I define the user-instance as a server where the user has an account, and who federates with the appropriate community-instances so as to serve their content to the user.

It would defeat the whole point if I meant for the user management instance to federate with instances of its own class. This whole branch on the conversation thread was about me wanting to explore the idea of federation not being needed to do what Lemmy is doing right now, that instead of federating you can separate the services in a more “microservice”-ish like model (but not as extreme), making it not only simpler but also more modular and reusable.

I noticed later that by “managing a user account” you probably only meant “provide an ID who allows to avoid setting up a new password”. Is that right?

Yes, more or less. It’d act as an authentication server (I explicitly linked OpenID’s wikipedia page right after mentioning “user account management”) and it’d also allow users and its sessions to be created/removed/edited (again, that’s what “managing” means when we talk data). Any operation that related to the user and not the content. It does not view/add/remove/edit (manage) any kind of community content, that would be content management, not user management.

This means that you don’t have a cross-instance profile anywhere on the internet, and need to manually connect to any instance where you have an account each time you connect on a new machine. Right?

Not necessarily, there could be user metadata stored in the user service. Things like name, profile, personal website… but also what instances the user has a token with. I expect the token exchanged is long lasting so the user-instance needs to keep track on its side about this already anyway. Much in the same way as how Paypal keeps “authorizations” for websites the user has allowed payment to be automatic, the user-instance would allow the client to know of those websites and be able to access them with the token without manually having to connect (done from whatever the client is, without serving the content). Also the notifications system could be part of that instance, or it could be its own separate service entirely.

That’s the kind of instance I’d be happy to self-host, because it’ll be mainly personal data related to my user.

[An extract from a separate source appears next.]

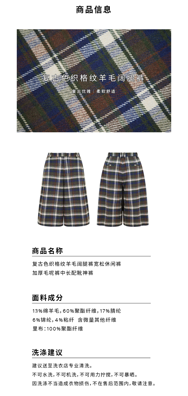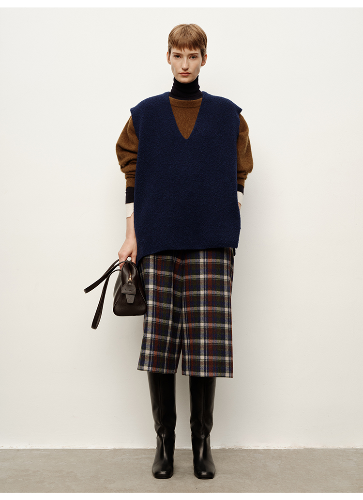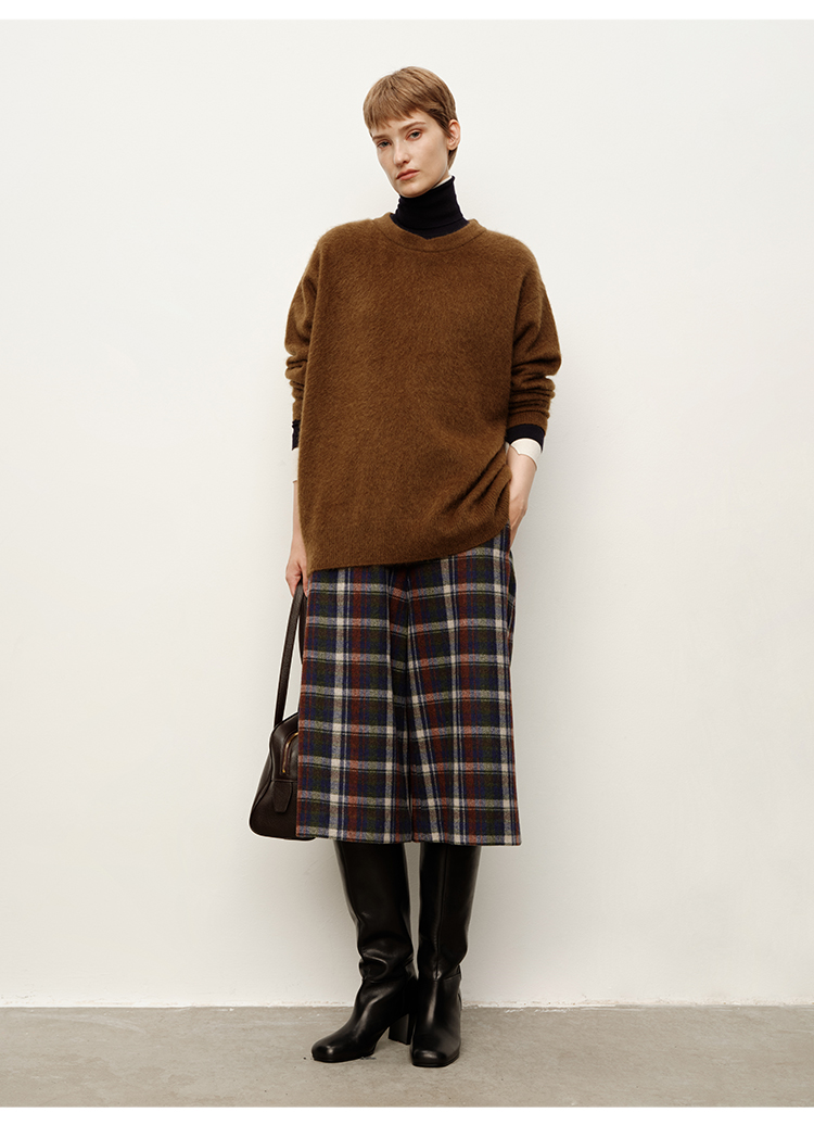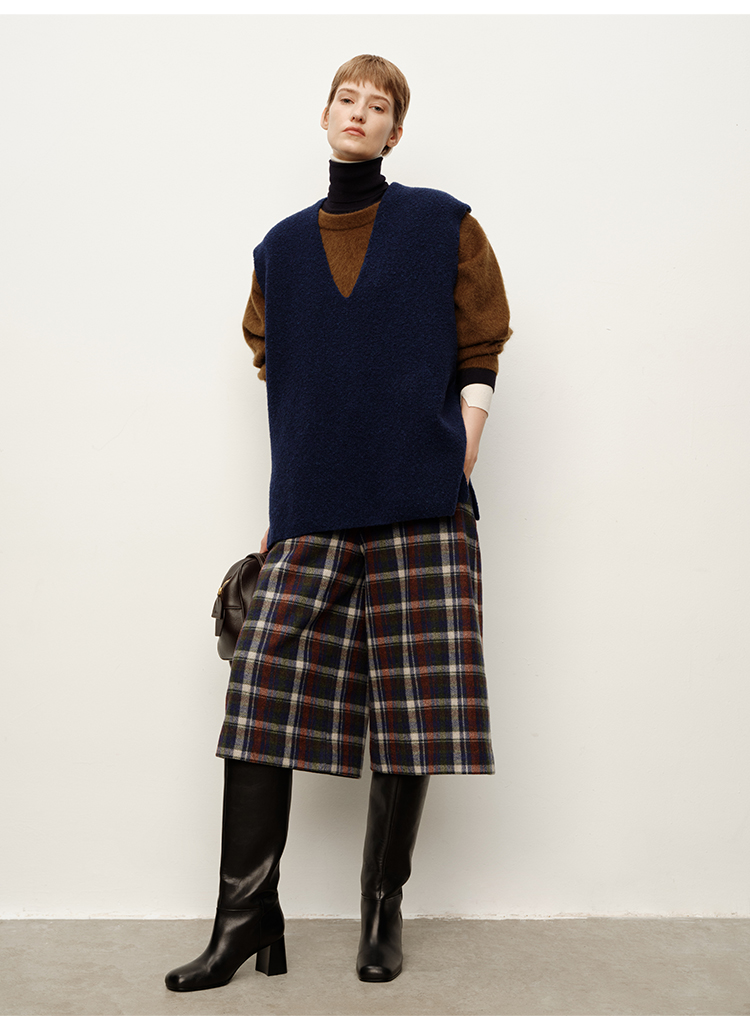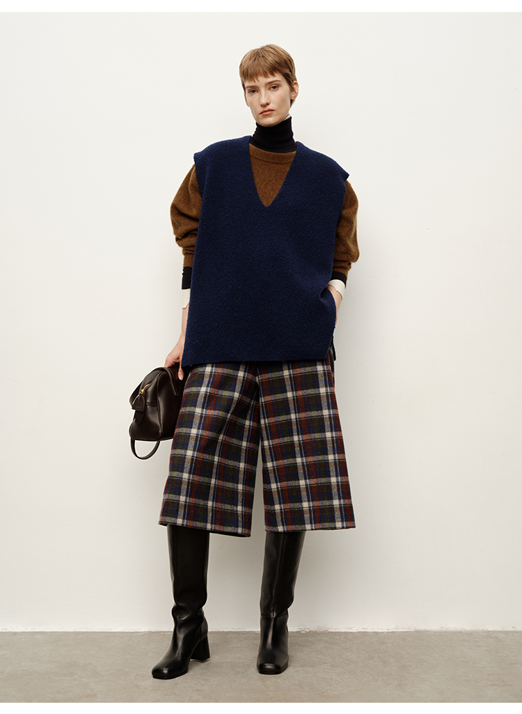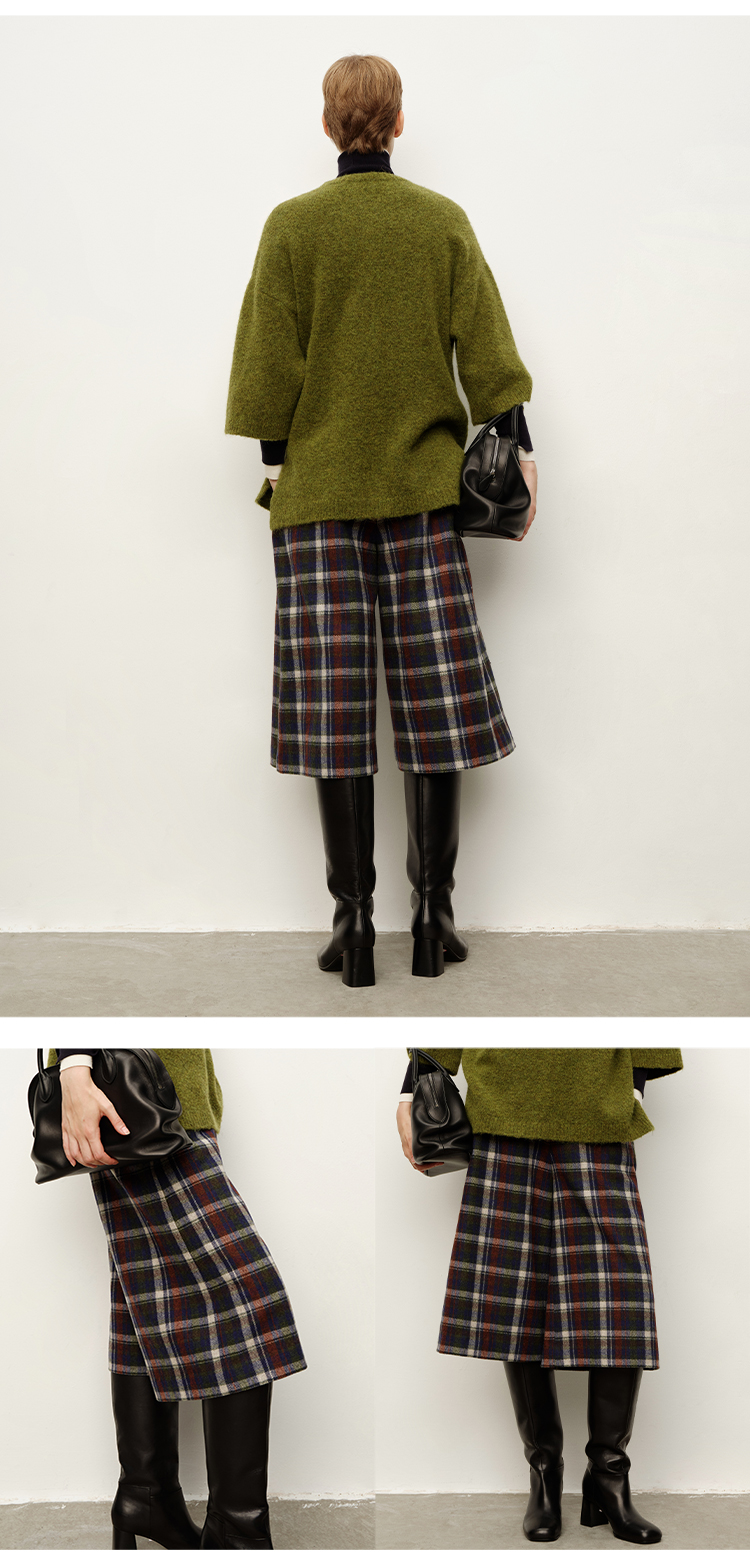 HIDEMI 复古色织格纹羊毛阔腿宽松休闲裤加厚毛呢中长裤配靴神裤

I’m not so interested in hosting communities.

Now it seems to me that you not wanting user-instances […] is one of the reasons why you would invoke meta-communities as a way to keep track of a cross-instance list of communities.

It’s the other way around. Don’t you remember what started this “federation” topic?

To me cross-instance “topics” (either tags or meta-communities) would be the one thing that would make federation useful. Without that, I don’t see the benefit of federation. Which is why I was talking about separating the user management (and notifications) from the content management, so that you can achieve shared accounts without having to federate.

Sorry if I’m repeating myself (I think I’ve said that same paragraph in almost every comment, with different words) but I don’t know how else to explain it.

Unless some instances federate only with lemmy.ml, one is never incentivized to stay on lemmy.ml if they want to leave it.

Again: “You are not leaving lemmy.ml if you are still consuming its content.”

If you are using the non-transitive property to consume lemmy.ml content, then you are not leaving lemmy.ml, even if you are connecting to it through a different instance. Even if you don’t have an account in lemmy.ml, you did not really left it. Since we don’t have a cross-instance “topic” to subscribe to, and since you don’t want “duplicated” communities, you have to keep relying on lemmy.ml as the central node where most of the active communities are.

I’m not sure about why stopping to interact with the biggest instance would become a goal per se.

It doesn’t have to be a goal.

But in that case just embrace the centralization of those communities, what’s the advantage of federating? The things you want to share cross instance, share them by having a separate service handle them. Only if there’s a reason to have community-servers directly communicate with each other (eg. cross-instance “topics”) does federating across them become useful, imho.